Each of us has differences, and what can make those differences important is if the difference is visible or not, how deeply the difference effects you, and how deeply it can effects others (if visible or known). I have come to think of it as a simple (but important), three axis chart.
X-Axis: Is your difference visible to others? One of my ears is shaped slightly different than my other. This is a minor difference that has been noticed by a minuscule fraction of a percent of people I have interacted with. In fact it has never been mentioned to me, but I can see it in the mirror. But some people’s differences are massively noticeable; an amputee, someone with facial burns, someone who chooses to dress outlandishly (or conservatively), or a gay couple who choose to show their love with public displays of affection. This matters to the individual as it effects how others in society view each of us. And that, in turn, has an effect on how we view ourselves.
Y-Axis: How a difference effects ourself. My slightly and almost imperceptible difference in ear size effects me exactly zero. I can not think of any event in my life that has been effected by the fact that my ears do not perfectly match. But for someone who is gay, or of a certain religious belief, or someone who believes aliens reside on Earth…..their daily actions are effected by their difference. The gay couple may choose not to go to a certain restaurant (or straight people may choose not to go to a certain part of town), the Buddhist may need to take time during the day to pray, and the people who believe aliens walk among us, well, not sure how they are effected but that must effect your day-to-day decision making.
Z-Axis: How other treat you due to any visible difference. Maybe the alien-believer lives in a community in Northern Arizona where everybody believes aliens inhabit Earth. That makes life a lot easier for the believers. But what if the gay couple live in a small beach community in a state that just passed a pro-discrimination law? Do they now avoid certain stores? Will other citizens treat the gay couple differently now? Do they need to uproot their lives and family and move to a different state?

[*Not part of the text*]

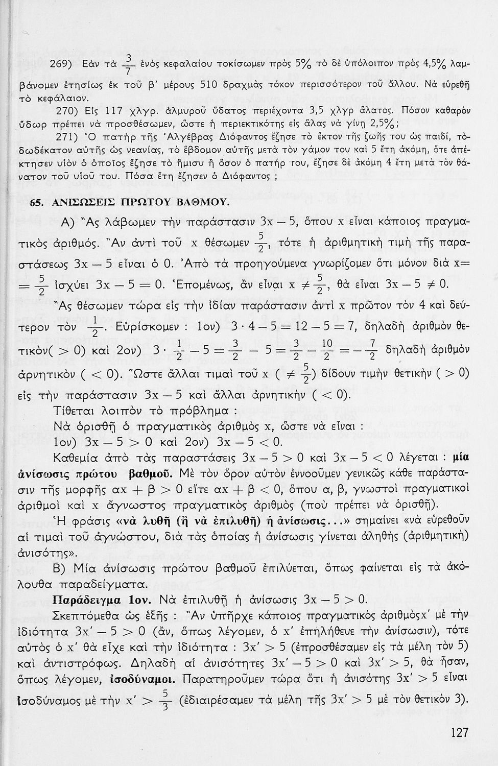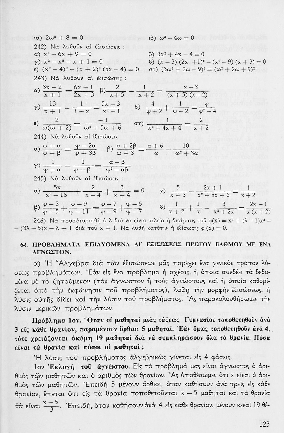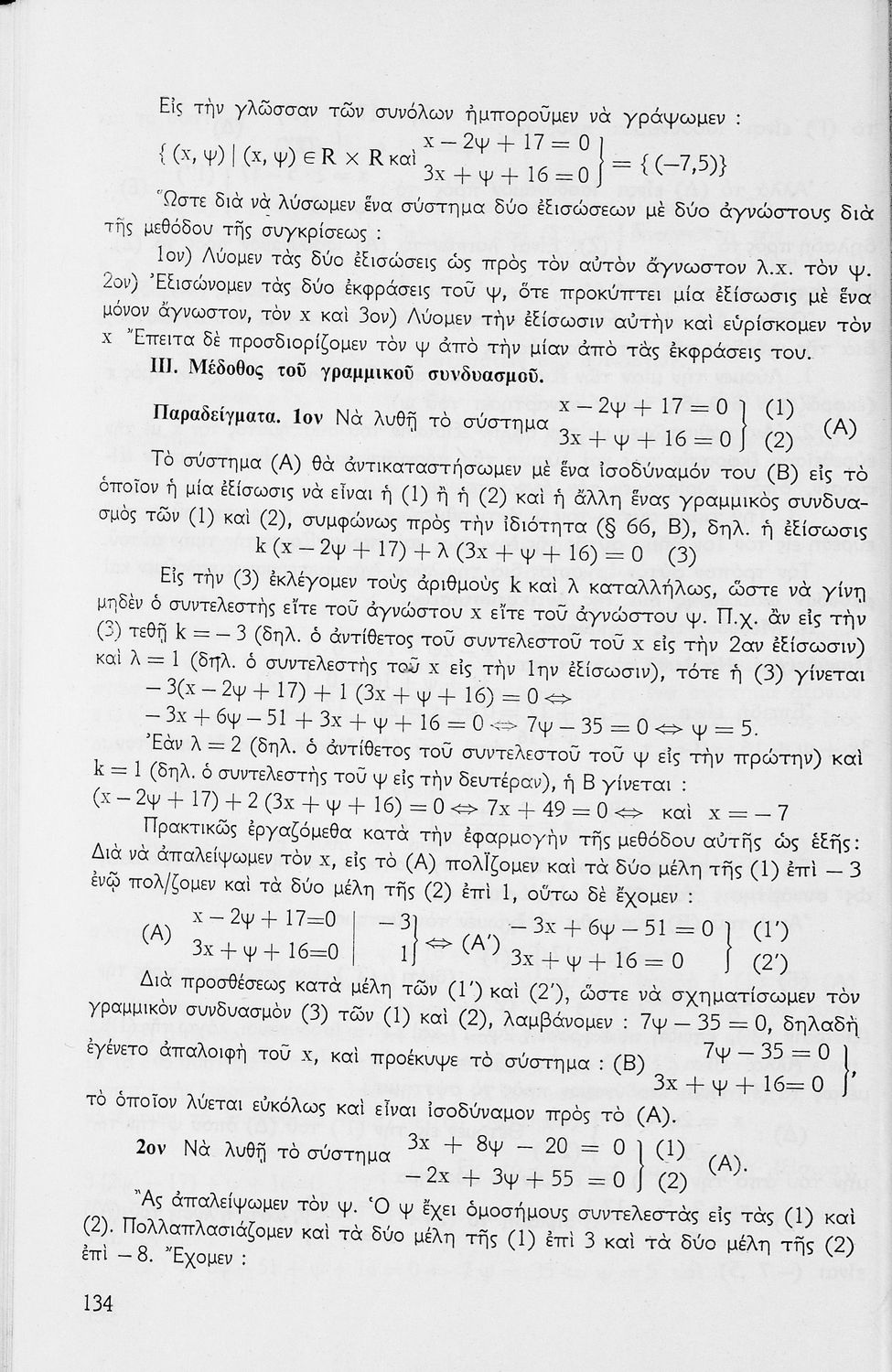 Σχολικό εγχειρίδιο μαθηματικών Γ΄ Γυμνασίου που περιλαμβάνει θεωρία, παραδείγματα και ασκήσεις. Φέρει το σύμβολο της δικτατορίας.

But this raises two important questions….1) How do we know what any person’s difference(s) are unless they purposefully tell others? If I showed you a picture of a conference I attended and stated that two people are gay and one transgender, I bet you could not pick those three out of the 28 people in the picture. So for those who support the pro-discrimination laws, how do you who to discriminate against? And what if you are wrong, are you opening yourself up to civil or legal complaints?
2) Why care what others’ differences are if you can not see them and they do not effect you? You probably do not see the differences in my ears, and even if you looked real close, would that difference effect how you view and treat me? What if I was a Buddhist? What if I had a massive scar on my back (that you can not see unless we are at the beach) because I donated a kidney? And for my fellow conference attendees who are either gay or transgender, if you can not see they are different than you, you could not purposefully discriminate against them, correct?
So what does it matter what one’s differences are so long as the person is not causing harm to you and your society? The pro-discrimination crowd will tell you it is about religious liberty. That their belief of something is so strong, that they can not accept it even in others. That it is not good enough to live by one’s own creed and beliefs, but that one has the right to force one’s own belief on others.
But can that be the case? Is that a valid way to view society? Or do they believe in that only when they are in the majority? Because those who are pro-discrimination and back laws to allow them to discriminate based on their beliefs are likely to change their tune if those they discriminate against were to gain the majority.